I <3 Steve McConnell*
Coding Horror
programming and human factors
by Jeff Atwood

April 26, 2005

Give me parameterized SQL, or give me death

I have fairly strong feelings when it comes to the stored procedures versus dynamic SQL argument, but one thing is clear: you should never, ever use concatenated SQL strings in your applications. Give me parameterized SQL, or give me death. There are two good reasons you should never do this.

First, consider this naive concatenated SQL:

SELECT email, passwd, login_id, full_name
  FROM members
 WHERE email = 'x';

Code like this opens your app to SQL injection attacks, and it's a huge, gaping vulnerability. Steve Friedl's SQL Injection Attacks by Example provides an excellent visual blow-by-blow of what can happen when you write code this naive. Here's the Reader's Digest version:

SELECT email, passwd, login_id, full_name
  FROM members
 WHERE email = 'x' OR full_name LIKE '%Bob%';

I know what you're thinking. No, escaping the strings doesn't protect you; see Steve's article.

Second, parameterized SQL performs better. A lot better. Consider the parameterized version of the above:

SqlConnection conn = new SqlConnection(_connectionString);
conn.Open();
string s = "SELECT email, passwd, login_id, full_name " + 
  "FROM members WHERE email = @email";
SqlCommand cmd = new SqlCommand(s);
cmd.Parameters.Add("@email", email);
SqlDataReader reader = cmd.ExecuteReader();

This code offers the following pure performance benefits:

  • Fewer string concatenations
  • No need to worry about any kind of manual string escaping
  • A more generic query form is presented to db, so it's likely already hashed and stored as a pre-compiled execution plan
  • Smaller strings are sent across the wire

Non-parameterized SQL is the GoTo statement of database programming.
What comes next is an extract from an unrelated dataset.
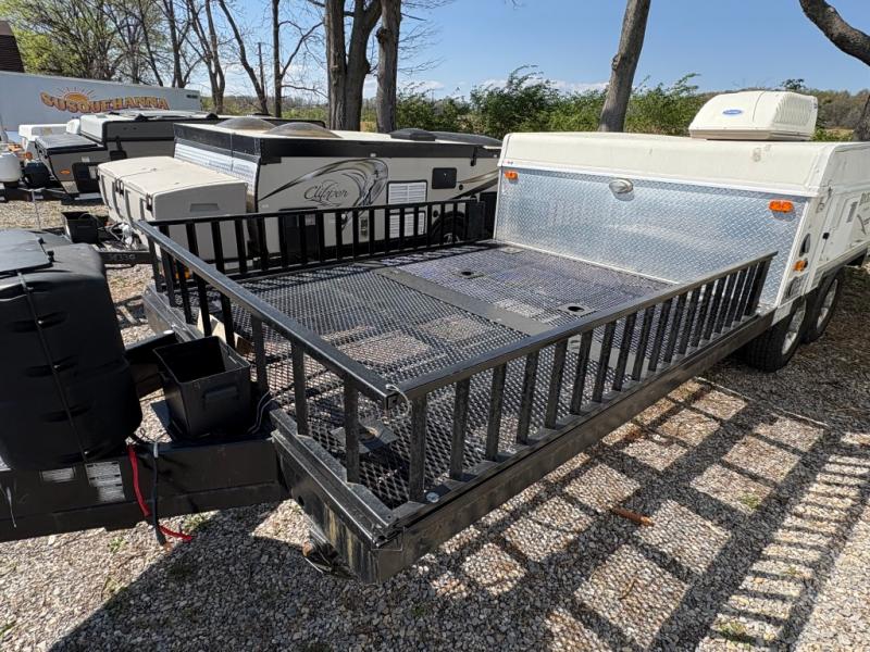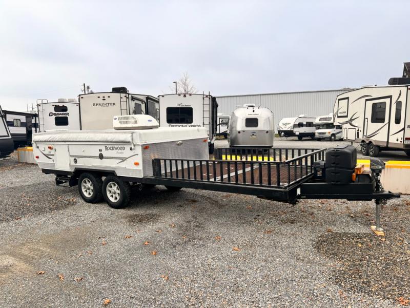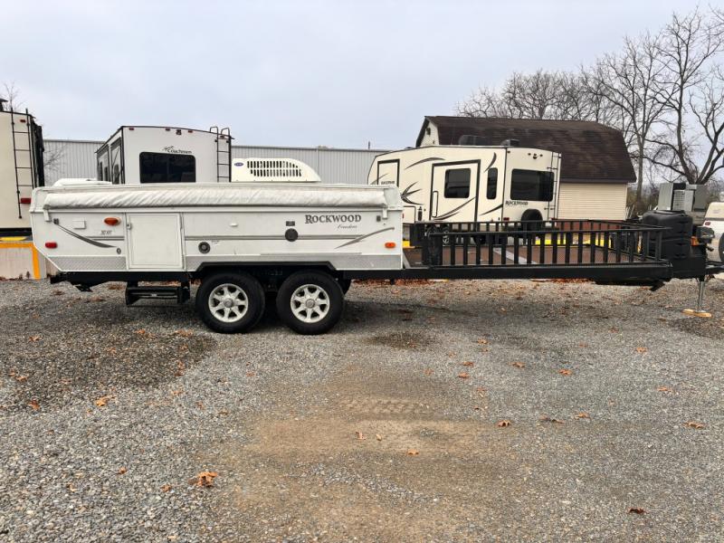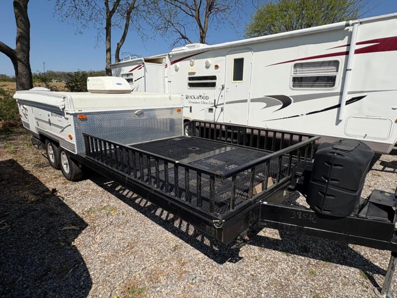 Rockwood Freedom Folding Camper w/96 x 84 Front Deck Storage w/Expanded Metal Decking Plus King Size Tent End Bed in Front. Rear Queen Tent End Bed, Ice Box Opt. Refrigerator, Opt. Heater, Storage Cabinet, Booth Dinette Slide w/Opt. Water Heater, Shower w/Porta-Potty, RVQue Grill and More Storage!

Don't do it, and make sure your coworkers don't either.

Posted by Jeff Atwood    View blog reactions

 

« Canonicalization: Not Just for Popes When Writing Code Means You've Failed »

 

Comments

I use the doubling the quotes mitigation method. I had thought it was nearly a rock solid technique but that article you included shows how it can be manipulated with MySQL. If they had a SQL Server or Infomix example of bypassing it that would have been better.

I'm kind of stuck between a rock and a hard place though, because I'm not in control of the data access methods. I get a wrapper object for a ado connection object. And it only has two methods, one to get a recordset back and one to just execute the given sql. Can I use an ADO command object just to give me the appropriate sql string without an actual connection?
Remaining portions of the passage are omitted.